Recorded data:
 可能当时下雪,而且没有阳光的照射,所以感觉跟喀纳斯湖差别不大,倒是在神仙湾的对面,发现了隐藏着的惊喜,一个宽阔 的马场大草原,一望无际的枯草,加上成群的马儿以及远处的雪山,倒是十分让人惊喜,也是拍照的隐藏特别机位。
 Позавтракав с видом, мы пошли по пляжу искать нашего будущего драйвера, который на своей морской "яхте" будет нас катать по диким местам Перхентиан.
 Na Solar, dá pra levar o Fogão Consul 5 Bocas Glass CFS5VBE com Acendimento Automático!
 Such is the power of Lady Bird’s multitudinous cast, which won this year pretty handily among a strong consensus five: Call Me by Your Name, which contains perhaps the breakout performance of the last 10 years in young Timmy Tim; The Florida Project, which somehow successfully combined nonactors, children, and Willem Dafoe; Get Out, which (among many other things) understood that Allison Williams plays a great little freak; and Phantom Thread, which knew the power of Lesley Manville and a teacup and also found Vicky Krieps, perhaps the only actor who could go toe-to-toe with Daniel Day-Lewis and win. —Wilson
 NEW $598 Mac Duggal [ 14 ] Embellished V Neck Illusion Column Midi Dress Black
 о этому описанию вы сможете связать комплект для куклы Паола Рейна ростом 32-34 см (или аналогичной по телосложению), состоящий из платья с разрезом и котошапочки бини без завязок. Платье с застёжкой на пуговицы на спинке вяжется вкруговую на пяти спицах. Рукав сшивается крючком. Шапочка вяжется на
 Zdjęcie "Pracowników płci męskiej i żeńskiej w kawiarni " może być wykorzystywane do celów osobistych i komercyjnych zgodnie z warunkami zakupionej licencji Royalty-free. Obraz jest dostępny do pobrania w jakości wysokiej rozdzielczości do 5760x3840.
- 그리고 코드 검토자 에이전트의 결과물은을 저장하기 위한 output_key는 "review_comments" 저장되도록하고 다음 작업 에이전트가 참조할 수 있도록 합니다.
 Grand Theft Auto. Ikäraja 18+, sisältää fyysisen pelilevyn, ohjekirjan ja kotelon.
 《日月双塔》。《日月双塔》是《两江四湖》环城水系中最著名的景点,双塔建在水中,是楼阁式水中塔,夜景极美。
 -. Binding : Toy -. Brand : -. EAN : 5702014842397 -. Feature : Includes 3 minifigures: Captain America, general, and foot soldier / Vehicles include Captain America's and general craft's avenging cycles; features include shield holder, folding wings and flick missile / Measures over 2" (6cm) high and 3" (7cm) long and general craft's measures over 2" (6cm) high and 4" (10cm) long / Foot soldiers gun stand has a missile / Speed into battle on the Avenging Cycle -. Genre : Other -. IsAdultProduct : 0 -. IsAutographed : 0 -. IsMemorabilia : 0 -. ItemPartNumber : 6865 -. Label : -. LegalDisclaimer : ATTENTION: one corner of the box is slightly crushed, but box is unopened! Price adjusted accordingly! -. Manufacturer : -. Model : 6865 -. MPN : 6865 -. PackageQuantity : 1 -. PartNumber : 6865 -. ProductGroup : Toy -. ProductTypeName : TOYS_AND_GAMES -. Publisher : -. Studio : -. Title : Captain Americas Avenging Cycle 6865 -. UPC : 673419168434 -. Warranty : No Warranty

**Exercise aim:** Copy exactly the lines that run from the first line of the data to the line containing "Na Solar, dá", please, with both ends included and nothing else.

**Solved problem:**
 可能当时下雪,而且没有阳光的照射,所以感觉跟喀纳斯湖差别不大,倒是在神仙湾的对面,发现了隐藏着的惊喜,一个宽阔 的马场大草原,一望无际的枯草,加上成群的马儿以及远处的雪山,倒是十分让人惊喜,也是拍照的隐藏特别机位。
 Позавтракав с видом, мы пошли по пляжу искать нашего будущего драйвера, который на своей морской "яхте" будет нас катать по диким местам Перхентиан.
 Na Solar, dá pra levar o Fogão Consul 5 Bocas Glass CFS5VBE com Acendimento Automático!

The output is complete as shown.